Она обратилась к мастеру портретной живописи из Петербурга Филиппу Будкину. Любимому внуку был сшит новенький парадный вицмундир, а художнику, вероятно, дали наказ «написать Мишеньку красиво».

Филипп Олегович искусно выполнил наказ. С портрета на нас серьезно смотрит кудрявый молодой человек в вицмундире лейб-гвардии гусарского полка с эполетами, в шинели с меховым воротником. В руке — шляпа с плюмажем. Черты лица привлекательные: высокий лоб, строгие карие глаза, правильной формы нос, щегольские усы. Последними, к слову, Мишель обзавелся во время пребывания в юнкерской школе.

22 ноября 1834 года этот волнительно-красивый молодой человек с портрета согласно Высочайшему указу произведен в корнеты лейб-гвардии гусарского полка. Службу поэт первоначально проходил в Софии — прямом детище императрицы Екатерины II. Служба в полку состояла не только в обычных военных занятиях, учениях, парадах, но и обязательном посещении придворных балов: в полку еще сохранились старые вольнолюбивые традиции. На одном из таких балов, к слову, Лермонтов встречается со старой знакомой — Екатериной Сушковой и начинает режиссировать свой хорошо поставленный жестокий спектакль с лихо закрученной любовной интригой, о котором мы рассказывали ранее. Привлечь внимание Сушковой поэт решил оригинальной фразой: «Меня только на днях произвели в офицеры, я поспешил похвастаться перед вами гусарским мундиром и эполетами; они дают мне право танцевать с вами мазурку».

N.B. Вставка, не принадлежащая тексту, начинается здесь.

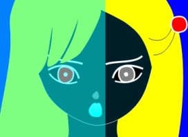 それぞれの画像において、左右の目の色は物理的には同じであるが、色が違って見える画像がある。それぞれの画像の右目(色のフィルターがかかっている側)の色が反対側の髪飾りのビーズと同じ色に見える場合は、色の恒常性が成立していることになる。使用した色は、目とフィルターの色ともに、赤、黄、緑、シアン、青、マゼンタであるから、6 x 6 = 36 個の画像がある。作者には青の恒常性がイマイチに見えるが、観察者によって違いがありそうである。PCディスプレー(MITSUBISHI Diamondcrysta RDT1713S)で見ると、右目が黄(左から2番目の縦の列)の色の恒常性がフィルターの色にかかわらず優れているが、カラーレーザープリンタ(XEROX DocuPrint C3540)で印刷してみたところ、フィルターが緑の画像(左から2番目で上から3番目)の効果が弱かった。

...и скоро ль ментиков червонных,

Приветный блеск увижу я.

(«Тамбовская казначейша»)


В этих строчках чувствуется некоторая привязанность поэта к полку. Доломаны и ментики — короткие гусарские куртки, обложенные мехом, с пуговицами в несколько рядов носили лейб-гусары. А еще известно, что белая масть лошадей, присвоенная лейб-гвардии гусарского полка, до конца жизни оставалась любимой мастью Михаила Юрьевича.

Службу поэт нес исправно, но, как и до этого в юнкерской школе, не любил муштру, педантичных мелочей в службе и быту. Например, в саркастичном тоне об этом сообщается в поэме «Монго»:


Имел он гадкую посадку:

Неловко гнулся наперед,

И не тянул ноги он в пятку,

Как должен каждый патриот.

(«Монго»)


Свое неприятие бессмысленных требований великого князя Михаила Павловича, командовавшего гвардией, Лермонтов выражал своеобразными протестными «перфомансами»: например, мог заявиться на развод караулов с миниатюрной саблей или на великосветский бал с неуставным шитьем на обшлаге и воротнике вицмундира. За такие выходки Мишеля отправляли под арест.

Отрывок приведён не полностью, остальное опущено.